- **Required action**:
Return exactly the lines below, starting with the one that has "Two lovely single" and going on through the one that has "Splendido divano angolare".

- **Given records**:
_ _ _

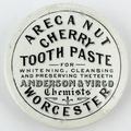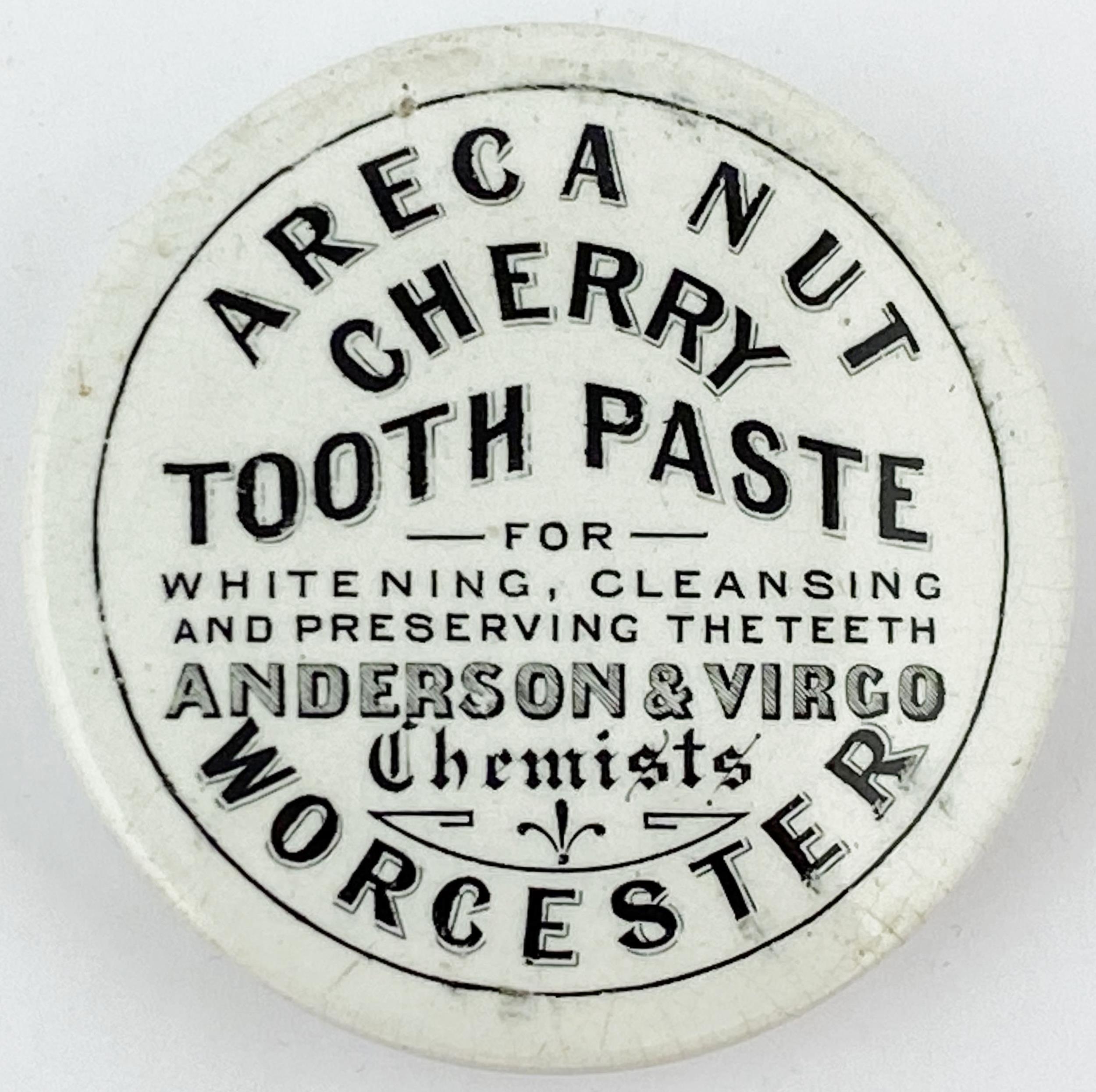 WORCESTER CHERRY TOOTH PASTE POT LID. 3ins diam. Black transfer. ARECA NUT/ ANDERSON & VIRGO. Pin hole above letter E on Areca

_ _ _

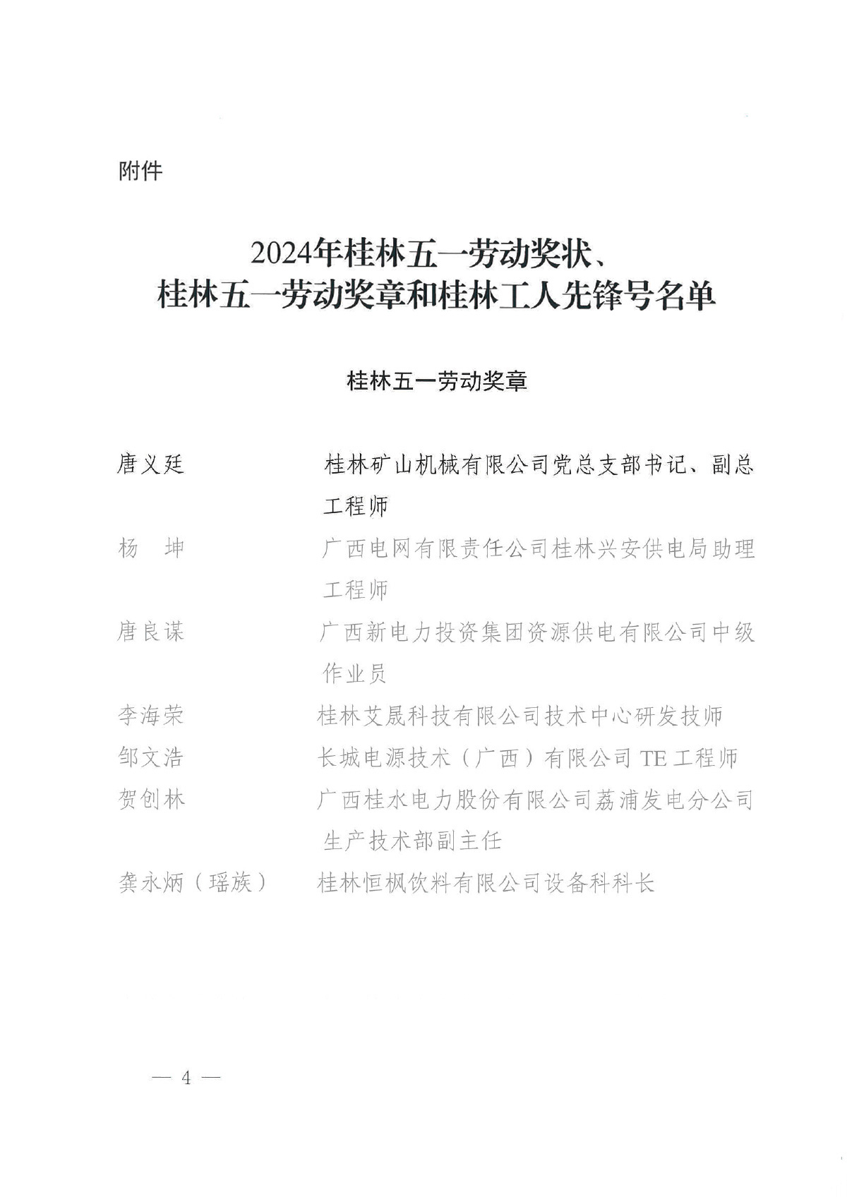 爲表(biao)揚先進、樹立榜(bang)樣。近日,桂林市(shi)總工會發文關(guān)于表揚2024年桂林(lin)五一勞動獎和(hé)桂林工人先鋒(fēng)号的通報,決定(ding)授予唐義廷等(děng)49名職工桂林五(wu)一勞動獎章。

_ _ _

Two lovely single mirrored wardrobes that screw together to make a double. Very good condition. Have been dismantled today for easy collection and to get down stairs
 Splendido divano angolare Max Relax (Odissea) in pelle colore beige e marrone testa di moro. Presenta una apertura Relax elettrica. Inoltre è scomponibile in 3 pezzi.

_ _ _

- **Response to this exercise**:
Two lovely single mirrored wardrobes that screw together to make a double. Very good condition. Have been dismantled today for easy collection and to get down stairs
 Splendido divano angolare Max Relax (Odissea) in pelle colore beige e marrone testa di moro. Presenta una apertura Relax elettrica. Inoltre è scomponibile in 3 pezzi.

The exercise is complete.